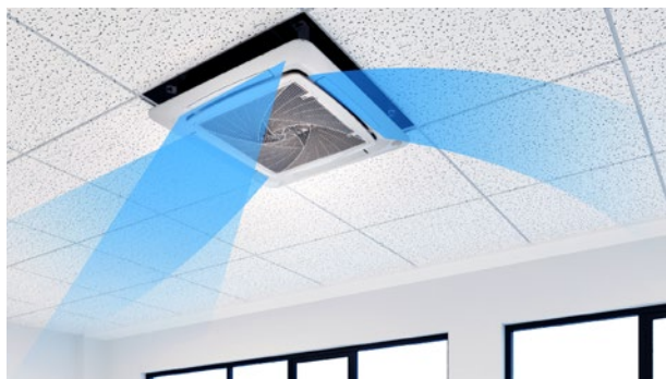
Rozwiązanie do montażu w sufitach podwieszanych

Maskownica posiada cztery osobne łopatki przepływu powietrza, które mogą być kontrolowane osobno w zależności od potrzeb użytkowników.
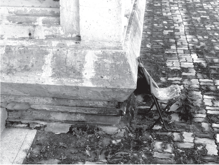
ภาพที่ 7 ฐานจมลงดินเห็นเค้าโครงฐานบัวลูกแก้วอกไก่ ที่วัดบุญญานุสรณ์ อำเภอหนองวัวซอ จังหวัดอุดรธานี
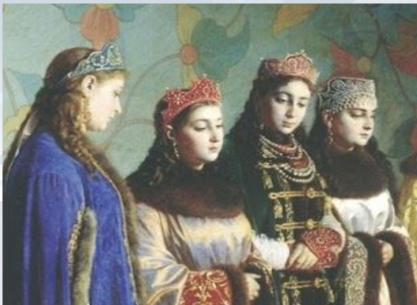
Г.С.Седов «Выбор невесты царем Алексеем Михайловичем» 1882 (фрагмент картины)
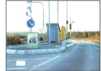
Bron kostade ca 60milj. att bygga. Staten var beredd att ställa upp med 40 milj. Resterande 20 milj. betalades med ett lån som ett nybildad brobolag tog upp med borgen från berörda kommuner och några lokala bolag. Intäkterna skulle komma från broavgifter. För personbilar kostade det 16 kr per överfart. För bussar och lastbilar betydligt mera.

● **What to produce**:
Only the text of the listing above is copied, exactly as written; its pictures are dropped.

● **Exercise answer**:
Rozwiązanie do montażu w sufitach podwieszanych

Maskownica posiada cztery osobne łopatki przepływu powietrza, które mogą być kontrolowane osobno w zależności od potrzeb użytkowników.
ภาพที่ 7 ฐานจมลงดินเห็นเค้าโครงฐานบัวลูกแก้วอกไก่ ที่วัดบุญญานุสรณ์ อำเภอหนองวัวซอ จังหวัดอุดรธานี
Г.С.Седов «Выбор невесты царем Алексеем Михайловичем» 1882 (фрагмент картины)
Bron kostade ca 60milj. att bygga. Staten var beredd att ställa upp med 40 milj. Resterande 20 milj. betalades med ett lån som ett nybildad brobolag tog upp med borgen från berörda kommuner och några lokala bolag. Intäkterna skulle komma från broavgifter. För personbilar kostade det 16 kr per överfart. För bussar och lastbilar betydligt mera.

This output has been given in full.